1.4.1.    Modifikasi Pati (Starch)
             Sifat pati alam (native starch) tergantung pada berat molekul, kandungan amilosa dan muatannya. Pati alam (native starch) mungkin hanya dapat digunakan pada corrugator atau proses laminating, sedangkan untuk pembuatan kertas-kertas modern dengan kecepatan tinggi yang membutuhkan pati mempunyai viskositas rendah, stabil kuantitas, jenis muatan dan keseragaman produknya. Oleh karena itu pati yang diaplikasikan pada proses pembuatan kertas memerlukan modifikasi. Modifikasi yang dilakukan dengan cara kimia dengan reaksi eterifikasi dengan menggunakan pereaksi epoxy yang mengandung  gugus amonium quartener. Reaksi ini bisa dilakukan dalam bentuk dispersi atau dengan menambahkan reagen ke pati. Untuk reaksi substitusi dalam bentuk dispersi dalam air (wet modification), perlu ditambahkan natrium hidroksida (NaOH) untuk menaikkan pH sekitar 11, pada kondisi ini terjadi pemutusan ikatan hidrogen pada butiran pati agar gugus bermuatan kationik dapat dengan mudah tersubstitusi. Waktu reaksi berkisar antara 2 sampai 4 jam dalam kondisi teraduk secara kontinu. Suhu diatur pada kisaran 400C - 500C untuk menghidari timbulnya pembengkakan pada pati (Ramli, 2006)

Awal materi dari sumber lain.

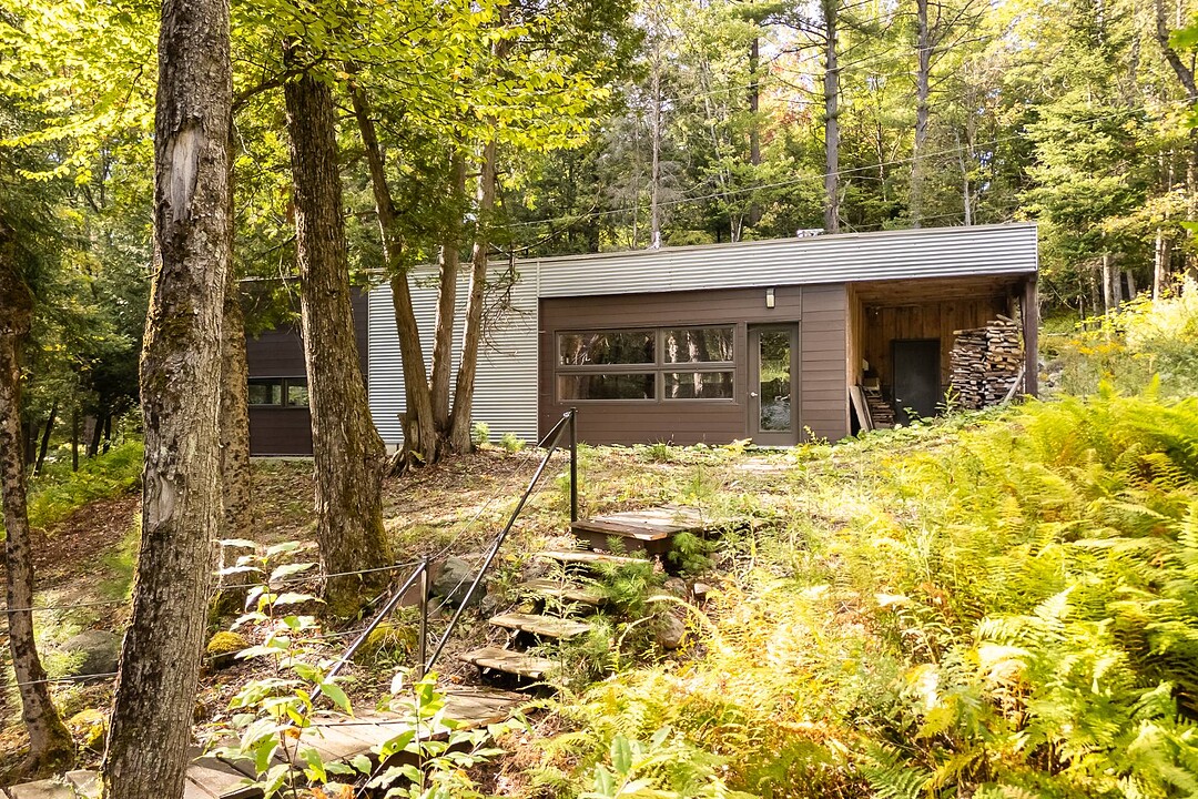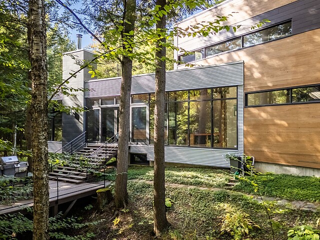 ARCHITECTURE & BUCOLIC NATURE! Set on 15 wooded acres, this architect-designed property stands out with its unique lines, noble materials, and spectacular windows that flood the interiors with natural light. The North Yamaska River flows across the entire estate, offering shoreline on both sides of the property as well as stunning waterfalls that enhance the site's natural charm. An authentic sugar shack creates a warm and inviting space for gatherings, while the private trails, the river, and absolute privacy make this estate a true haven of exception. An exclusive opportunity not to be missed !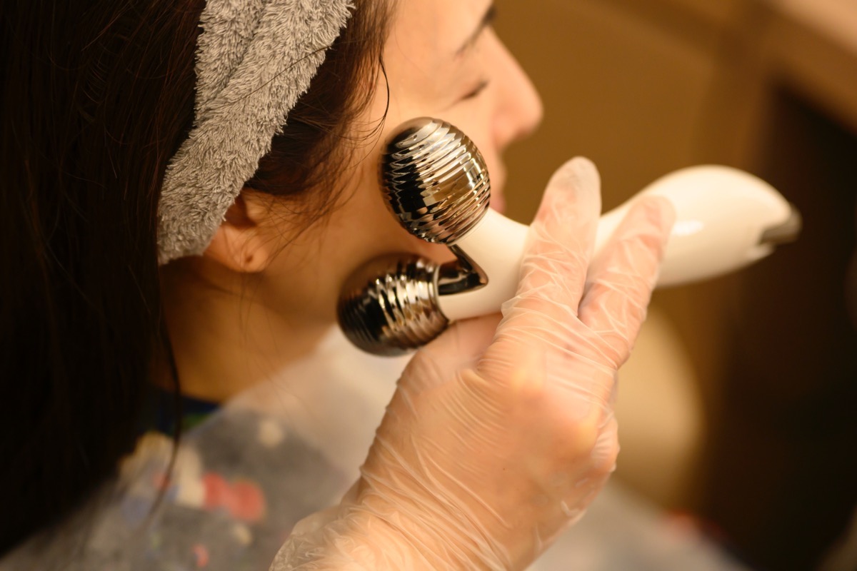 トレーニングの最後は、筋肉の大きさによって「WAVY」「WAVY mini for Salon」を使い分けて、中周波・高周波の刺激でより深部の筋肉の層にまで丁寧に刺激を与えます。独自開発のトルネードローラーが、お肌を軽くつまむような感じで密着性があります。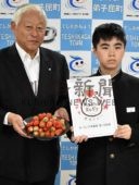 [写真/舘さん(右)と徳永哲雄町長。町のシンボルをあしらったロゴマークもデザイナーに依頼して製作した ]

             Pati merupakan salah satu yang paling banyak digunakan sebagai dry strength agent dalam pembuatan kertas. Setelah pati alam (native starch) dimodifikasi menjadi cationic starch, selanjutnya akan dimasak lagi menggunakan pure water dalam jet cooking tank pada temperatur 125°C untuk mendapatkan larutan cationic starch sebelum masuk ke tahap proses pembuatan kertas (Ramli,2006).

            
Pati Kationik (Cationic Starch)
             Pati kationik (cationic starch) merupakan hasil modifikasi pati anionik secara kimia maupun secara enzimasi dimana muatan pati yang awalnya negatif diubah menjadi positif. Proses pembuatan pati kationik menggunakan cationic reagent pada larutan pati alam, pada kondisi reaksi (temperatur dan pH) yang cocok, muatan negatif dari pati secara kimia diubah menjadi muatan positif, diantara reagent yang umum digunakan yaitu 2-chloroetyldiethylamine, 2,3-epoxypropyldietylamine, 3-chloro-2-hydroxypropyl, dan lain-lain.

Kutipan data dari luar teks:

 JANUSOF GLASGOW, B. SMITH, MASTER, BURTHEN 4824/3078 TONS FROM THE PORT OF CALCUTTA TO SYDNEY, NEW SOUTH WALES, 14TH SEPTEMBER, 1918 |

             Pati kationik dapat memberikan muatan yang berlawanan dengan muatan serat. Molekul pati kationik yang bermuatan positif akan berikatan dengan serat membentuk ikatan elektrostatik dan ikatan hidrogen sehingga akan meningkatkan kekuatan lembaran kertas (Erceg, 1984).
             Pati kationik memiliki kelarutan yang baik dan dapat teretensi dengan baik pada serat. Lebih tingginya tingkat retensi pati kationik dibandingkan dengan pati alam menghasilkan nilai ekonomis tersendiri yang dapat menutupi harganya yang mahal. Selain itu, pati kationik juga lebih ramah lingkungan karena dapat mengurangi pencemar air.

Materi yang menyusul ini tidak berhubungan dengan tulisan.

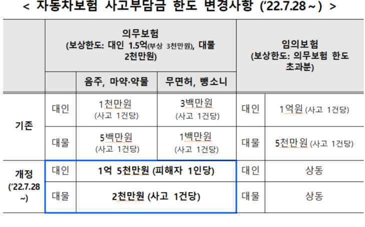 개정 후 사고부담금은 대인배상Ⅰ:1억5천만원(피해자 1인당) 대인배상Ⅱ:1억원(사고 1건당) 대물(의무):2,000만원(사고 1건당) 대물(임의):5,000만원(사고 1건당)으로 변경되었습니다.예를 들어 음주운전 사고로 사망자 2명이 발생하여 대인보험금 1억원(인당 3억원), 대물피해 1억1,000만원이 발생한 경우 개정 전 사고부담금은 대인 5500만원(의무보험 1,000만원, 임의보험 1억원) 대물 5,000만원(의무보험 6억원)=> 총 1억6,500만원 개정 후 사고부담금은 대인 4억원(대인배상 I 3억원, 대인배상 II 1억원) 대물 7,000만원(의무보험 5,000만엔, 합계 1억원)이다. 음주운전 사고 시 민형사 행정적 처벌도 받습니다.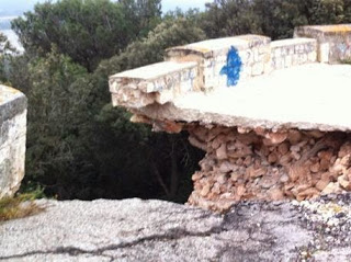 Qualche giorno fa, un pezzo di collina è franato  e quindi anche parte della struttura in cemento realizzata al di sopra si è letteralmente sbriciolata.
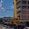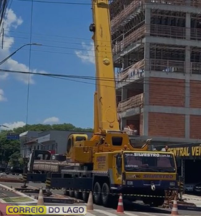 O bloqueio ocorre na altura da Farmácia Real, onde uma grua de grande porte está paralisando o fluxo de veículos. A interdição afeta diretamente o sentido da avenida que leva ao Balneário Terra das Águas.

             Pati kationik digunakan secara ekstensif sebagai pengikat internal dalam industri kertas dimana pada pati kationik ditahan pada stock sebelum lembaran kertas terbentuk. Pati kationik dapat berfungsi sebagai dry strength, bahan pembantu retensi dan pembantu drainase. Pati kationik efektif untuk meningkatkan sifat fisik lembaran kertas seperti daya ikat kertas (internal bonding), ketahanan tarik (tensile strength), ketahanan sobek kertas (tearing strength) (Erceg. 1984).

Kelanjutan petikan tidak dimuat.